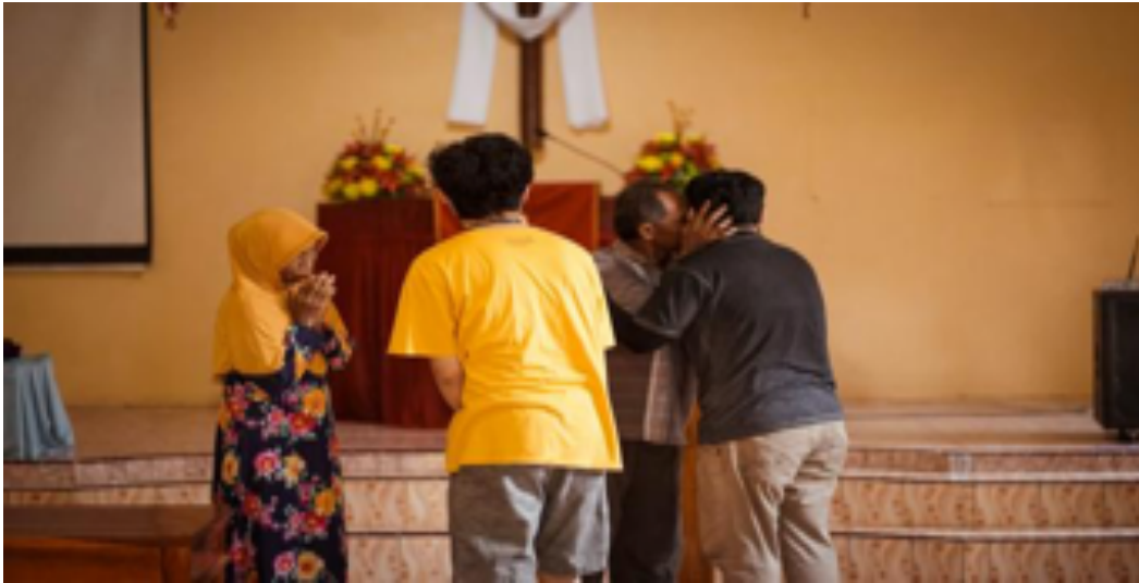
Gambar 3. Proses refleksi peserta dan feedback dari ‘host’ diwarnai keharuan.

Dalam Islam, konsep keramahtamahan dinyatakan melalui ajaran tentang tabiat muslim yang baik dan sikap terbuka terhadap orang lain sebagai wujud dari iman. Sebutan untuk perilaku umat yang baik dan memperlakukan orang lain dalam kebaikan yakni al-ikhsan . Bagi seorang muslim perbuatan baik adalah dimensi lain dari keramahan yang perlu dilakukan oleh semua orang yang beriman. Dalam konteks yang lebih luas, tidak boleh ada perbedaan dalam menawarkan keramahan kepada umat manusia melintasi identitas agama dan budaya dengan satu-satunya tujuan untuk mengamankan perdamaian dan hubungan baik (Mufid, 2019).
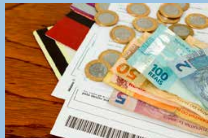
Em maio, o prazo para adesão já havia sido prorrogado e venceria neste sábado (31).

– Banco do Brasil: aplicativo; contato pelo WhatsApp no número (61) 4004 0001; e ligações para a Central de Atendimento do BB pelo número 0800 729 0001.
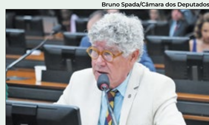
Alencar cobra motivos para assassinato

Após a negociação entre os dois poderes, em fevereiro o governo federal editou uma MP 1.208/2024, uma nova MP substituta que revogou os trechos da primeira em relação à desoneração para as empresas. Na época a nova MP não englobava a desoneração dos municípios, o que também foi alvo de crítica dos parlamentares. Agora, o trecho dos municípios caducou e não vale mais.
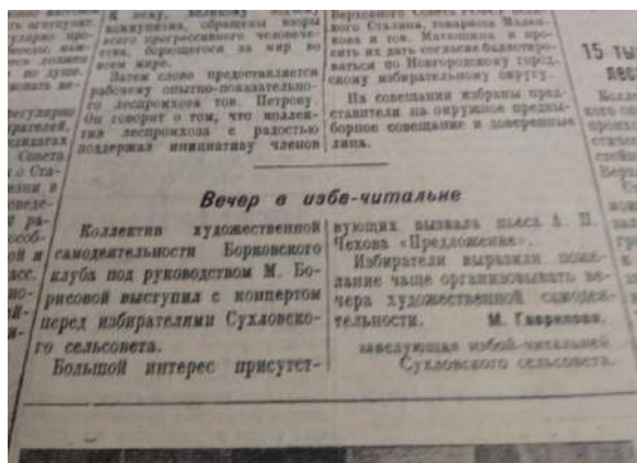
Заметка из районной газеты «Серп и молот» Вечер в избе-читальне Приложение №6
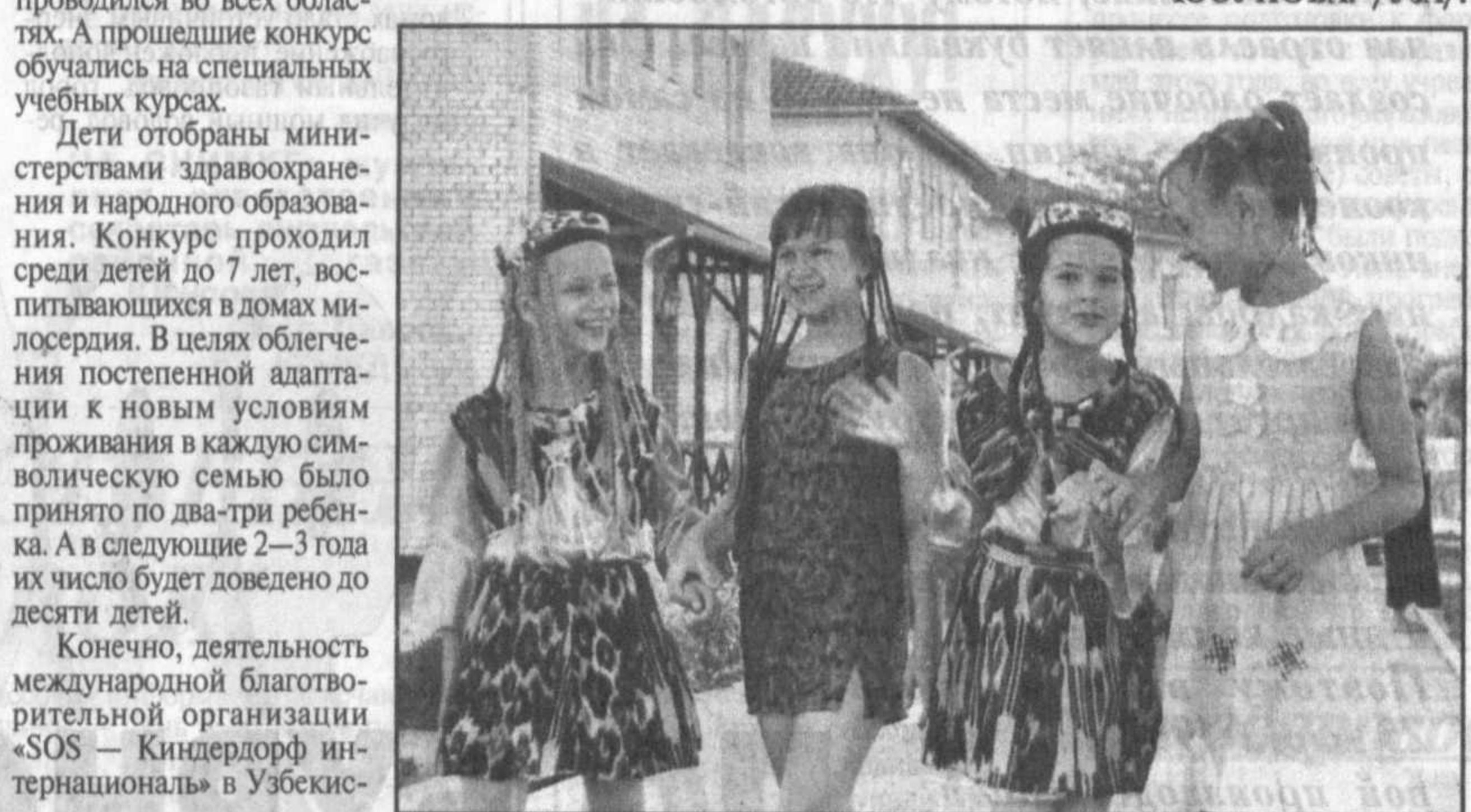
В Ташкенте открыта первая «SOS-детская деревня».

Бобур СОБИРОВ. /Уз./ Фото Дильнода ЮСУПОВА. /Уз./

• • • • •

What the task asks
Please give back all the records above word for word, with no pictures included.

Your solution
Gambar 3. Proses refleksi peserta dan feedback dari ‘host’ diwarnai keharuan.

Dalam Islam, konsep keramahtamahan dinyatakan melalui ajaran tentang tabiat muslim yang baik dan sikap terbuka terhadap orang lain sebagai wujud dari iman. Sebutan untuk perilaku umat yang baik dan memperlakukan orang lain dalam kebaikan yakni al-ikhsan . Bagi seorang muslim perbuatan baik adalah dimensi lain dari keramahan yang perlu dilakukan oleh semua orang yang beriman. Dalam konteks yang lebih luas, tidak boleh ada perbedaan dalam menawarkan keramahan kepada umat manusia melintasi identitas agama dan budaya dengan satu-satunya tujuan untuk mengamankan perdamaian dan hubungan baik (Mufid, 2019).
Em maio, o prazo para adesão já havia sido prorrogado e venceria neste sábado (31).

– Banco do Brasil: aplicativo; contato pelo WhatsApp no número (61) 4004 0001; e ligações para a Central de Atendimento do BB pelo número 0800 729 0001.
Alencar cobra motivos para assassinato

Após a negociação entre os dois poderes, em fevereiro o governo federal editou uma MP 1.208/2024, uma nova MP substituta que revogou os trechos da primeira em relação à desoneração para as empresas. Na época a nova MP não englobava a desoneração dos municípios, o que também foi alvo de crítica dos parlamentares. Agora, o trecho dos municípios caducou e não vale mais.
Заметка из районной газеты «Серп и молот» Вечер в избе-читальне Приложение №6
В Ташкенте открыта первая «SOS-детская деревня».

Бобур СОБИРОВ. /Уз./ Фото Дильнода ЮСУПОВА. /Уз./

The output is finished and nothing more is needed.